Advances in optical technologies such as smartphone cameras and the expansion and development of cloud storage systems open up opportunities through holographic solutions, Microsoft said.
"Growth in demand for cloud storage has highlighted the need to rethink our storage systems from the media up," Microsoft said.
Holography promises extraordinary improvements in storage capacity because for the first time, storage media will not be restricted to two surfaces of a storage disk but, rather, will take advantage of the volume of the media used.
Holographic storage uses an optical crystal to read and write data. Using the entire volume of the crystal, an enormous number of data sets can be stored. Erasing is easily accomplished through the use of UV light. Researchers say this is more efficient than flash devices, which not only are more expensive but have limited read and write capacities. It also is superior to hard drives that depend on movable parts subject to wear and tear.

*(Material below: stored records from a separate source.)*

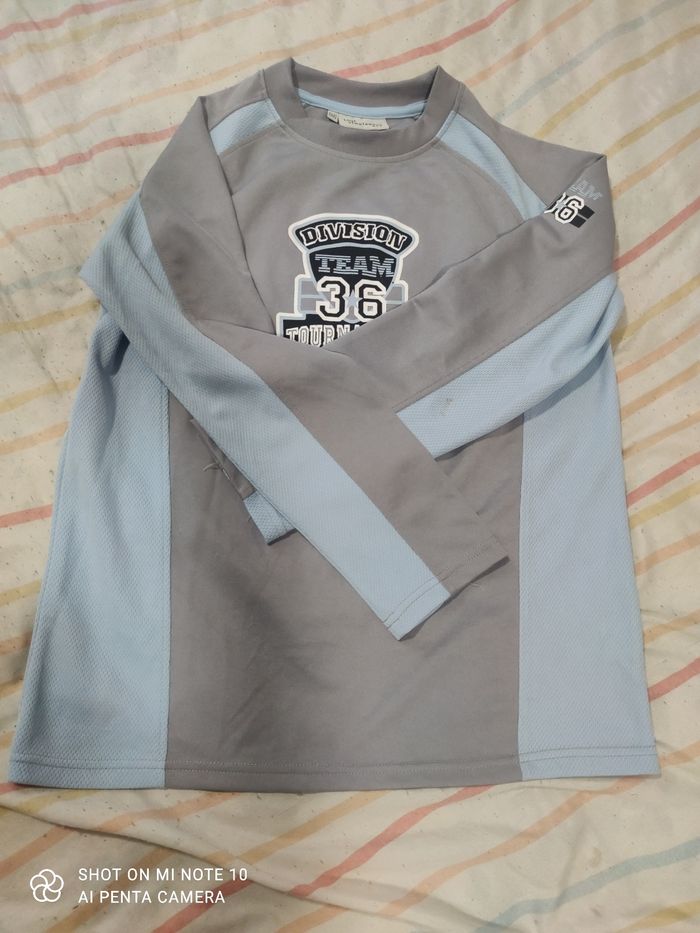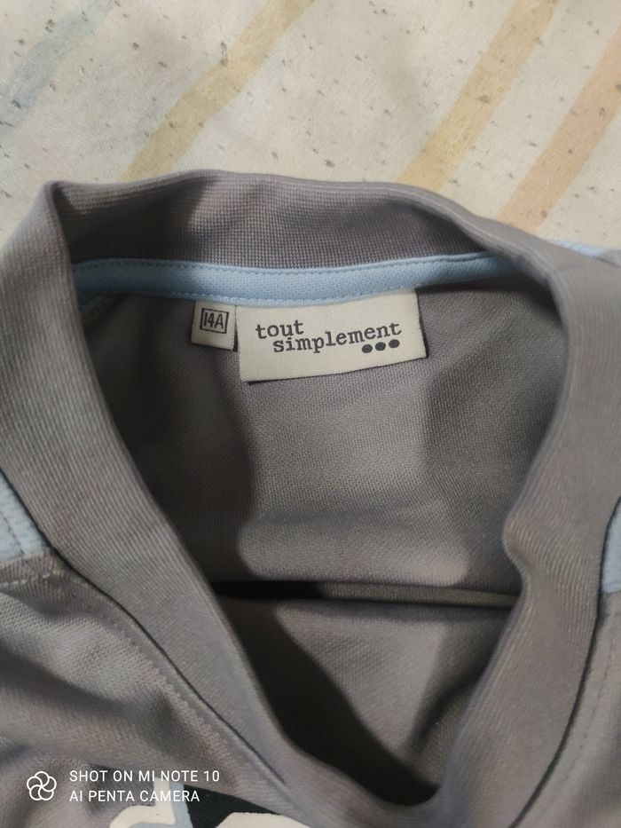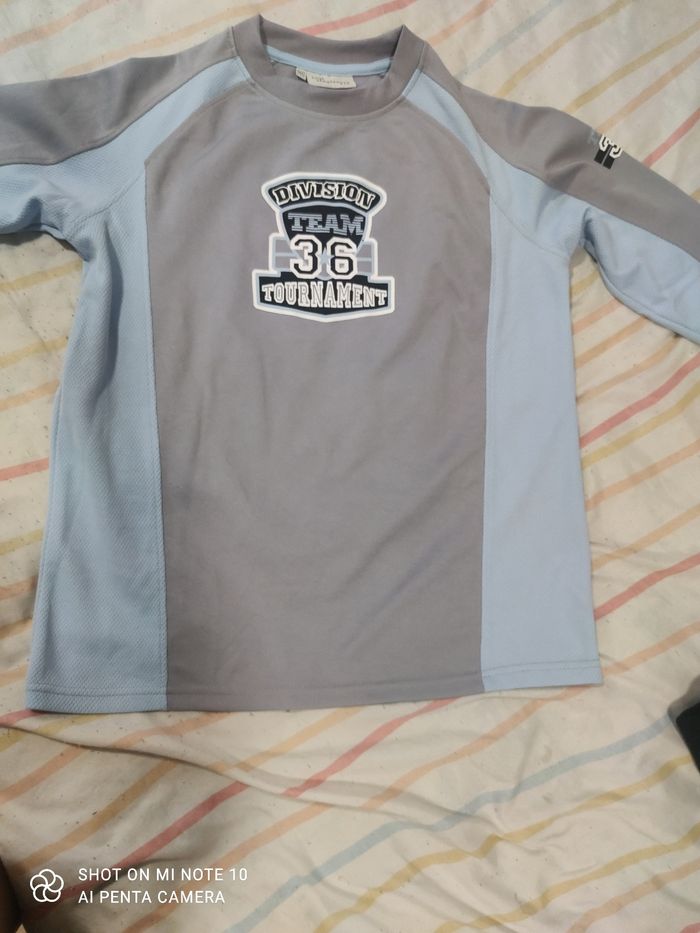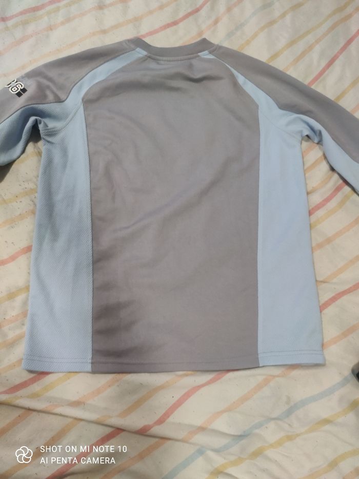 Pull garçon taille 14 ans Couleur gris et bleu Idéal pour gardien Petite tâche sur une manche comme le montre la dernière photo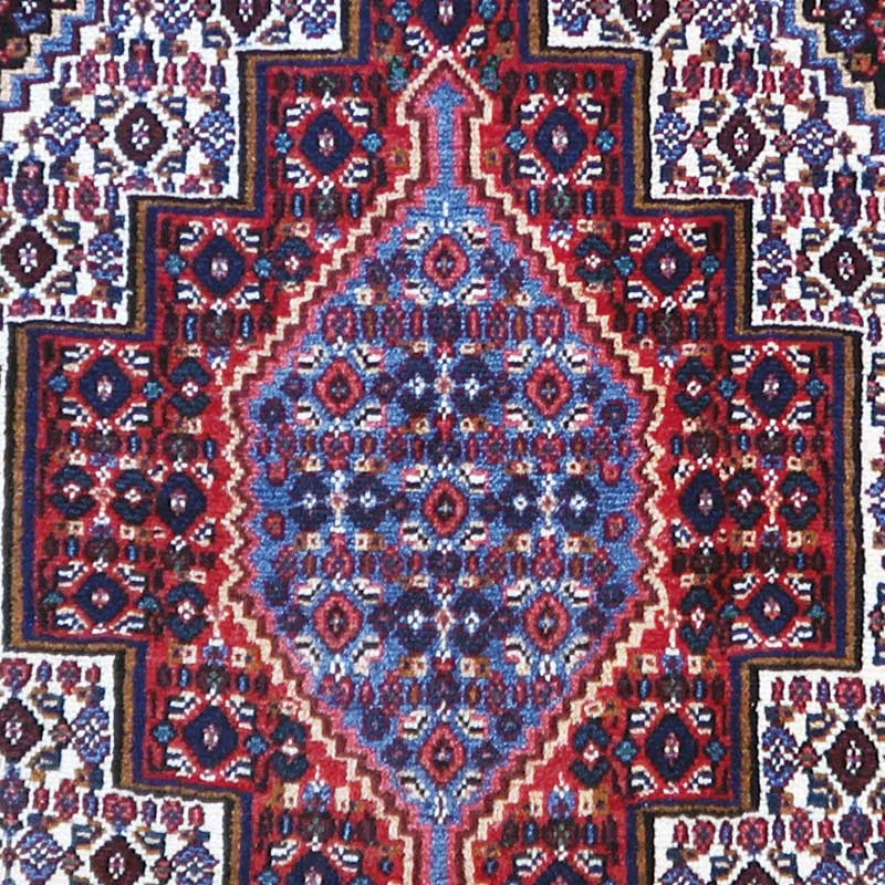 セネ産の絨毯は、中央に大きなダイヤモンドまたはひし形のデザインを持つのが典型的で、主に紺青や赤が使われ、それはクルド人が作る絨毯の最大の特徴です。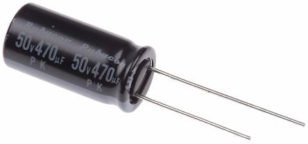 Rubycon 470μF 50V dc Aluminium Electrolytic Capacitor, Through Hole 10 (Dia.) x 20mm +85°C 10mm 5mm [50PK470MEFC10X20]; 763-9478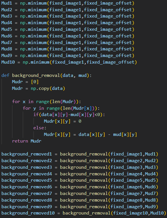 As described, the code generates an image showing the minima between the main images and the offset image, then subtracts this ‘mud’ from the original image to remove the noise pollution. The function backround_removal also needs error handling for underflow errors, as when values go below zero, they wrap back around to the maximum 32 bit integer. This can be avoided by implementing an if statement that checks if any values drop below zero, and returns them to zero.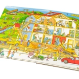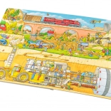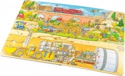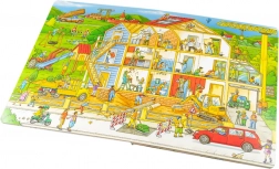 En ville, il se passe toujours quelque chose — on creuse, on répare, on construit et on embellit. Les enfants chercheront dans les pages des camions-bennes, des bétonnières, des pelleteuses, des grues ou des chariots élévateurs; ils découvriront le travail des artisans ainsi que la manière dont le chef d’équipe et le conducteur de travaux supervisent tout. Sont également présents l’architecte, le photographe ou le jardinier et une foule de petits personnages avec leurs propres micro‑histoires. Ce livre pour enfants sur le chantier est un excellent livre d’observation (wimmel), qui développe naturellement l’expression et l’attention.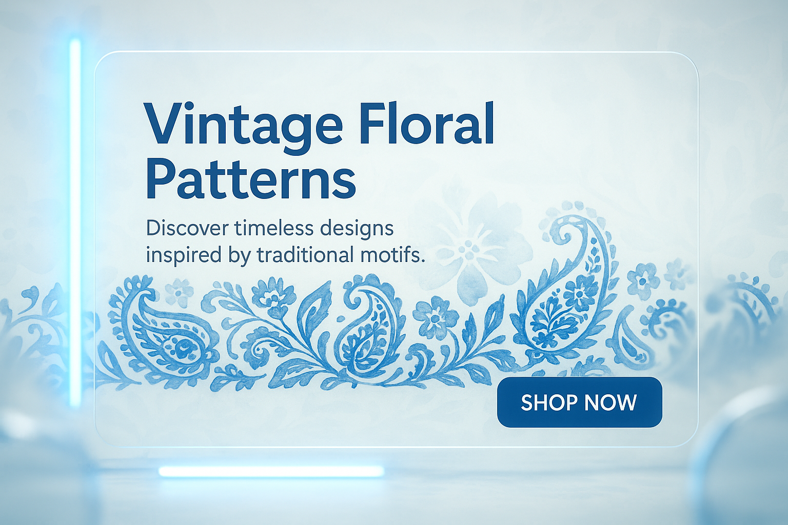 Stylish promotional banner showcasing vintage floral patterns with a modern design twist. Ideal for website or social media marketing.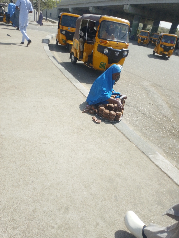 The scene depicts a sunny, urban environment in Tarauni, Nigeria, focused on a street-side vendor and passing traffic. In the foreground, a person, likely female, wearing a blue head covering and garments, sits directly on the paved ground next to a concrete curb. In front of her is a circular metal tray containing a dense stack of numerous brown, bun-shaped food items, presumably for sale. A pair of brown sandals lie adjacent to the tray. The perspective suggests the photographer is standing or sitting nearby, with a partial view of a white shoe and pant leg visible in the lower right corner. Behind the vendor, a paved road stretches into the distance. Several yellow three-wheeled auto-rickshaws, commonly known as Keke Napep, are visible. One such vehicle, marked with "GML" on its side, is positioned close to the curb directly behind the vendor, with occupants discernible inside. Further down the road, additional yellow auto-rickshaws are present, some appearing to be in motion or parked. On the left side of the road, a male individual in a white robe and blue trousers walks away from the camera. Another figure in blue clothing is visible further back on the left, and a dark-robed figure is in the distant left background. The background features a large concrete overpass or bridge spanning across the scene. The sky is clear, and the overall lighting indicates bright daylight.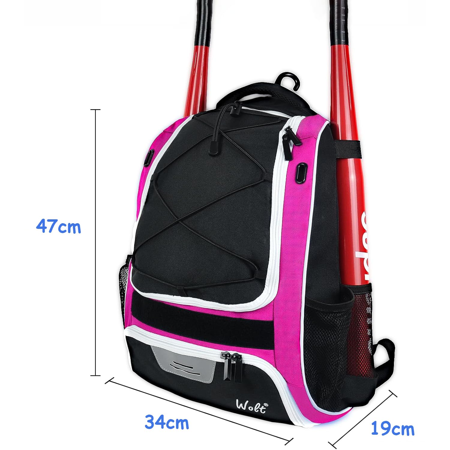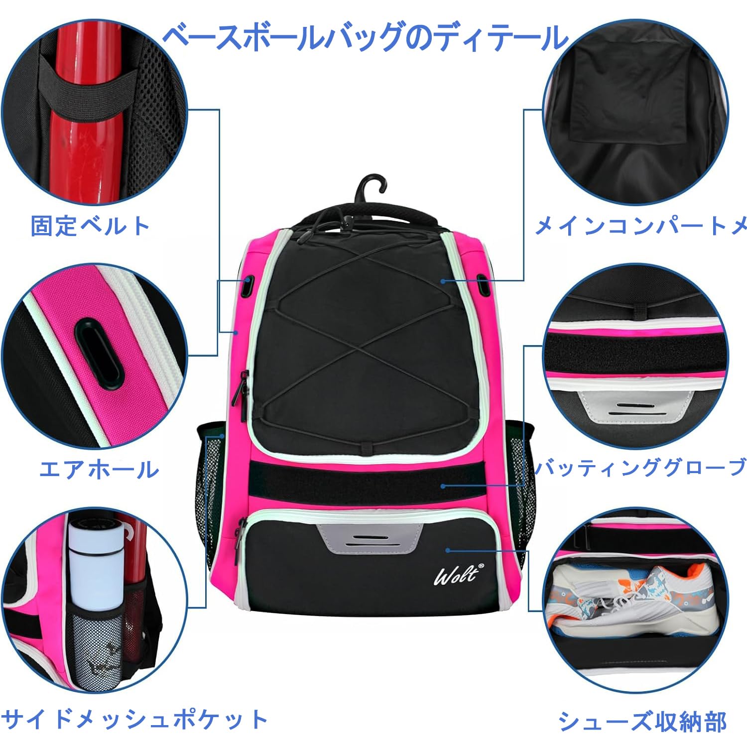 【大容量&多機能野球リュック】ヘルメット、グローブ、タオル、バッティンググローブなどを一括収納可能。靴専用の通気性コンパートメントで汚れた靴を他のアイテムと分離。4つのサイドポケット付きで、2本のバットやウォーターボトルも収納可能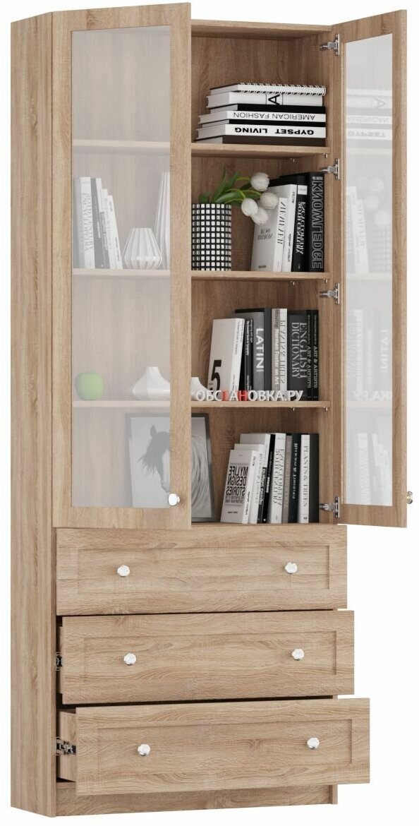 Стеллаж ОБСТАНОВКА. РУ Билли 39 с ящиками и распашными дверьми (стекло), Сонома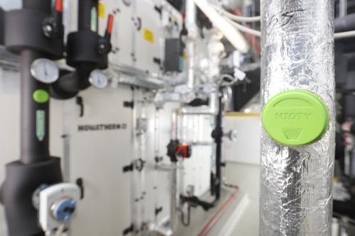 Mit einem Energiebedarf von weniger als 20 μWh pro Message sind Batterielaufzeiten der Devices von 20 Jahren oder mehr zu realisieren. Tatsächlich können die Mioty-Geräte vor Ort aber auch noch viel länger ohne Eingriff von außen funktionieren. Denn für solche Einsatzzwecke haben die Forscher des IIS das Konzept einer autarken Energieversorgung konzipiert. Dabei werden etwa Vibrationen oder leichte Temperaturschwankungen zur Stromerzeugung genutzt und über hocheffiziente Spannungsregler und Energiemanagementsysteme den Sendern zur Verfügung gestellt. In einem Beispielprojekt hat das IIS sein Energy Harvesting direkt in einen Sensor integriert, der sich an einem Heizungsrohr anbringen lässt und aus der Temperaturdifferenz zwischen dem warmen Rohr und der kälteren Umgebungsluft seinen Betriebsstrom erzeugt.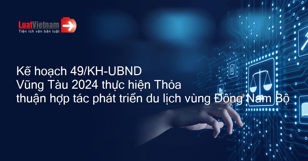 Kế hoạch 49/KH-UBND Vũng Tàu 2024 thực hiện Thỏa thuận hợp tác phát triển du lịch vùng Đông Nam Bộ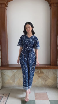 Feel the breezy comfort of this beautiful Journee batik jumpsuit. The April blue hue is perfect for any season and the slimming V neck will add a touch of elegance to any outfit. The relaxed fit and soft fabric will make you feel comfortable and chic.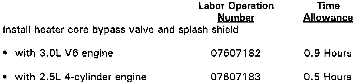 Safety Recall # 607 -- Heater Core Bypass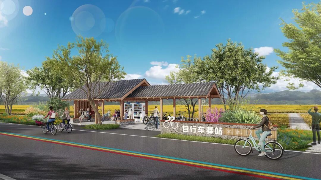 达力峒行驿站:依绿道而建,可供能量补给与休憩,窗外田舍连绵,兼顾休整与观景。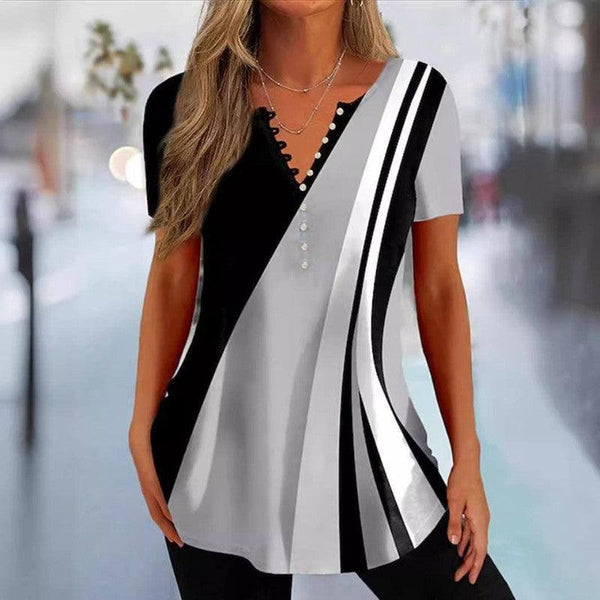 Καλοκαιρινό Γυναικείο Κουμπί Γεωμετρικό τύπωμα Casual Top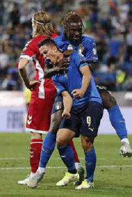 ITALIA vs LITUANIA Qualificazioni Europee del gruppo C ai Mondiali del Qatar 2022 del 08/09/2021 - nella foto: Acerbi Francesco(Italia)- Bernardeschi Federico(Italia)Di Lorenzo Giovanni(Italia)-Donnarumma Gianluigi(Italia) ©Claudio Zamagni/Agenzia Aldo Liverani s.a.s. Acerbi Francesco(Italia)- Bernardeschi Federico(Italia)Di Lorenzo Giovanni(Italia)-Donnarumma Gianluigi(Italia) during European Qualifying Round of FIFA World Championship of Qatar 2022 between Italy and Lituania at Mapei Stadium on september 08 2021 in Reggio Emilia photo credit by Claudio Zamagni/Aldo Liverani Photo Agency/AGENZIA ALDO LIVERANI SAS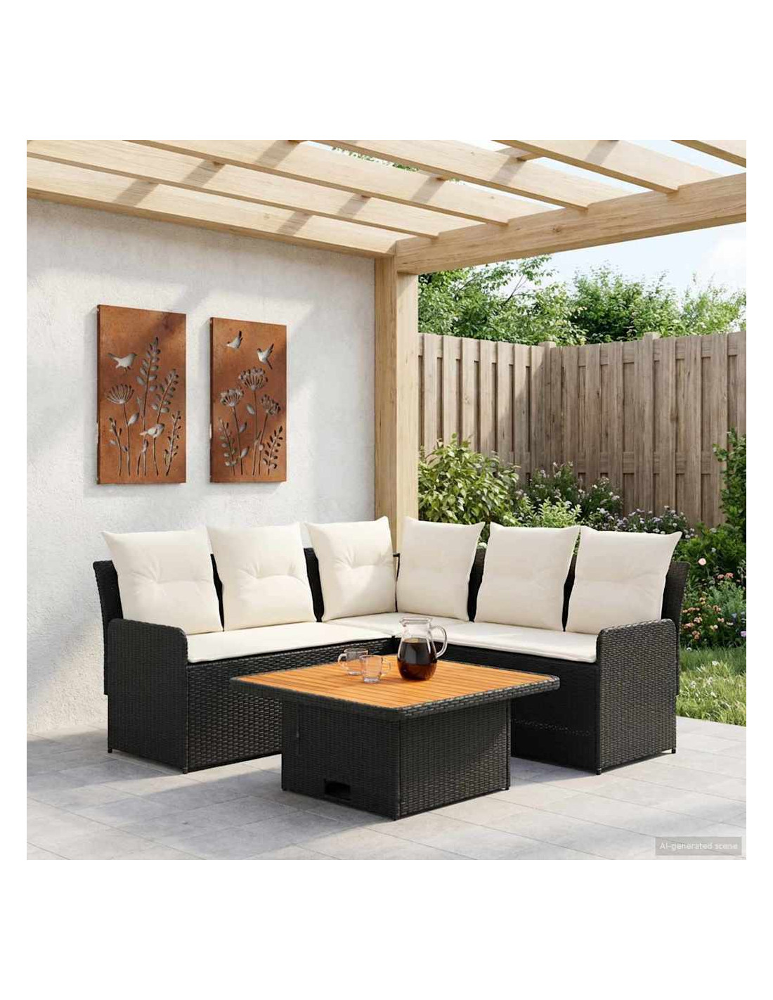 Questo set di mobili moderni è progettato per adattarsi a spazi interni ed esterni. Con un focus sulla semplicità e sulla funzionalità, presenta linee pulite e pochi fronzoli, aumentando il suo fascino contemporaneo. Costruito in rattan PE e legno massello di acacia, porta un tocco moderno ovunque, perfetto per godere di momenti di svago con amici e familiari. Che sia su un patio o in soggiorno, si adatta a diversi stili d'interni, unendo resistenza e design. La calda finitura marrone e i morbidi cuscini creano un ambiente accogliente di relax, rendendo i momenti confortevoli ancora più piacevoli. Materiali: Fatto in rattan PE, questo set non solo è bello da vedere grazie al design intrecciato, ma è anche pratico grazie alla resistenza agli agenti atmosferici. Il rattan PE è noto per la sua durata contro raggi UV e umidità, garantendo un utilizzo prolungato. Inoltre, presenta una robusta struttura in acciaio verniciato, per supporto affidabile e peso leggero, perfetto per posizionamenti flessibili. Componenti Inclusi: Dotato di comodi cuscini con coperture removibili, il set di mobili è facile da mantenere. La schiuma e la fibra di poliestere offrono comfort per lunghe ore di relax. I cuscini removibili e chiusi con zip rendono la pulizia un gioco da ragazzi, mentre l'aspetto simile a cuscini arricchisce l'atmosfera di qualsiasi ambiente. Caratteristiche / Funzioni / Design: Progettato con piedi regolabili, il set si adatta facilmente su terreni irregolari, assicurando stabilità e sicurezza ovunque lo metti. Questa comodità aggiunge versatilità, permettendo di utilizzarlo in molte situazioni, sia in interno che in esterno. Usi Raccomandati: Perfetto per patios, terrazze, giardini o spazi interni, questo set si adatta strategicità a vari contesti. Il suo design moderno e le tonalità neutre lo rendono ideale per chi ama festeggiare all'aperto o semplicemente rilassarsi dentro casa. Manutenzione: Si consiglia di pulire solo con metodi asciutti per evitare sostanze chimiche aggressive che possono danneggiare la superficie. Coprendo il set con una protezione impermeabile quando non viene usato, garantirai la sua durata e manterrai la sua condizione agevolmente, specialmente in caso di mal tempo.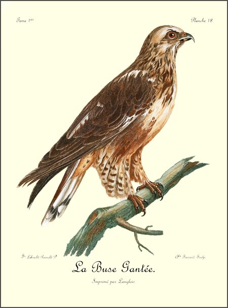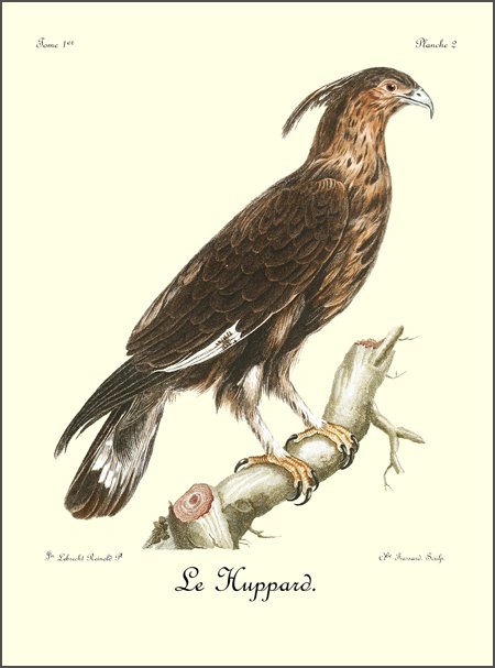 Comme le griffard, le petit aigle, dont il est ici question, est caractérisé par une huppe, mais qui est beaucoup plus allongée; ses pieds sont de même couverts d’un fin duvet, qui s’étend jusqu’à la naissance des doigts; son bec crochu, ses ongles fortement arqués et bien affilés, annoncent un oiseau de guerre et de destruction, quoique sa taille ne surpasse guère celle de nos plus fortes buses. N’ayant pas assez de force pour saisir et abattre les gazelles, le Huppard se contente du menu gibier, tels que lièvres, canards et perdrix, qu’il chasse avec dextérité. Ses longues aîles, dont la pointe s’étend presqu’aussi loin que le bout 9 de la queue, lui servent merveilleusement bien pour s’élancer avec promptitude et saisir avec succès des oiseaux dont le vol est aussi rapide que celui des perdrix d’Afrique.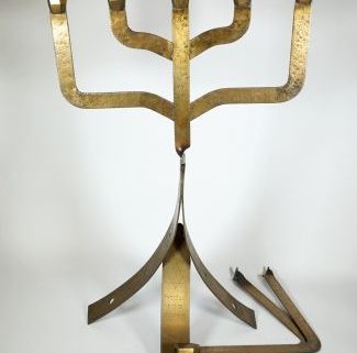 Messing, Hammerschlagdekor, 3-beinig, im mittleren Segment Davidstern hebräische Inschrift u Widmung „Ihre Fährleute“, ca. 100 x 85 bzw. 61 x 35 cm, 2 Leuchterarme lose anbei (laut Aussage des Einlieferers Nachlass Berthold Beitz)

"The hologram occupies a small volume inside the crystal, which we think of as a zone, and multiple pages can be recorded in the same physical volume or zone," Microsoft said. Recent software improvements achieved through AI allowing for one-to-one pixel matching, for instance, mean simpler and less expensive optics can be used to achieve even better results than before.
So far, Microsoft Research says it has attained a near doubling of density in holographic storage tests, and that it expects improved compression and faster access rates in the coming months.
The Project HSD team is composed of experts in physics, optics, machine learning and storage systems. It is part of the Optics for the Cloud group at Microsoft Research Cambridge, which is exploring storage solutions based on cloud and optic technologies.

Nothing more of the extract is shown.